Looking at the auditing information, only 119 (61.0%) CDs were audited. Of these, all CDs were deemed to have been medically indicated. The WHO CD safety checklist was fully completed in 171 (87.7%) CDs, and partially completed in 11 (5.6%) CDs.
Comparing parturients whose labour started spontaneously with those whose labour was induced, it was found that there was no association with MOD (p = 0.352).
Outcomes
A variety of maternal and neonatal outcomes are detailed according to MOD in Tables 5 and 6. Post-partum haemorrhage was defined as blood loss exceeding 500ml in NVD, and 1000ml in CD.

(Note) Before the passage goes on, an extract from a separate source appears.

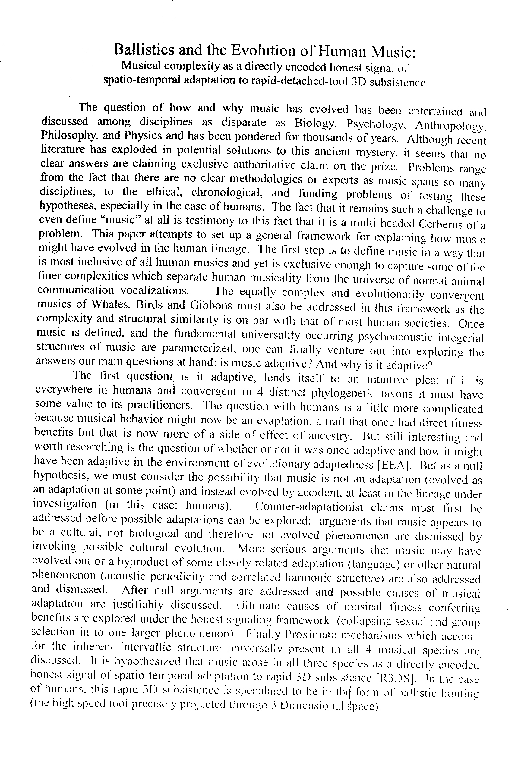 The first question is it adaptive, lends itself to an intuitive plea: if it is everywhere in humans and convergent in four distinct phylogenetic taxons it must have some value to its practitioners. The question with humans is a little more complicated because musical behavior might now be an exaptation, a trait that once had direct fitness benefits but that is now more of a side effect of ancestry. But still interesting and worth researching is the question of whether or not it was once adaptive and how it might have been adaptive in the environment of evolutionary adaptedness [EEA]. But as a null hypothesis, we must consider the possibility that music is not an adaptation (evolved as an adaptation at some point) and instead evolved by accident, at least in the lineage under investigation (in this case: humans). Counter-adaptationist claims must first be addressed before possible adaptations can be explored: arguments that music may have evolved out of a byproduct of some closely related adaptation (language) or other natural phenomenon (acoustic periodicity and correlated harmonic structure) are also addressed and dismissed. After null arguments are addressed and possible causes of musical adaptation are justifiably discussed. Ultimate causes of musical fitness conferring benefits are explored under the honest signaling framework (collapsing sexual and group selection into one larger phenomenon). Finally, proximate mechanisms which account for the inherent intervallic structure universally present in all four musical species are discussed. It is hypothesized that music arose in all three species as a directly encoded honest signal of spatio-temporal adaptation to rapid 3D subsistence. In the case of humans, this rapid 3D subsistence is speculated to be in the form of ballistic hunting--the high speed tool precisely projected through three dimensional space.

Table 5. Maternal outcomes.
Maternal characteristic | NVD | CD | Odds ratio | p-value | |
---|---|---|---|---|---|
Disposition outcomes | Discharged | 438 | 194 | ||
Transferred out | 1 | 1 | a | 0.521 | |
Died | 0 | 0 | |||
Duration of post-partum stay | Median (days) | 1 | 3 | ||
% staying longer than median | 13.7 | 16.9 | 1.3(0.8–2.0) | 0.285 | |
Managed at appropriate level of careb | Yes | 425 | 189 | ||
No | 14 | 6 | 1.0 (0.4–2.7) | 0.941 | |
Bleeding | Missing | 23 | 4 | ||
Median (ml) | 200 | 700 | |||
PPH | 5 | 45 | 25.3 (9.9–65.1) | <0.001 | |
Infection | Puerperal infection | 2 | 5 | 5.8 (1.1–29.9) | 0.038 |
Interventions | Blood transfusion required in 7 days before/after delivery | 4 | 14 | 8.4 (2.7–25.9) | <0.001 |
Non-pneumatic anti-shock garment use | 0 | 1 | a | 0.308 | |
Post-partum laparotomy | 0 | 4 | a | 0.009 | |
Post-partum ventilation | 0 | 1 | a | 0.308 | |
Overall maternal complicationsc | 66 | 59 | 3.1 (2.1–4.6) | <0.001 | |
Previous CD x 1 | 29 | 53 | 6.6 (4.0–10.8) | <0.001 |
NVD, normal vaginal delivery; CD, Caesarean delivery; PPH, post-partum haemorrhage.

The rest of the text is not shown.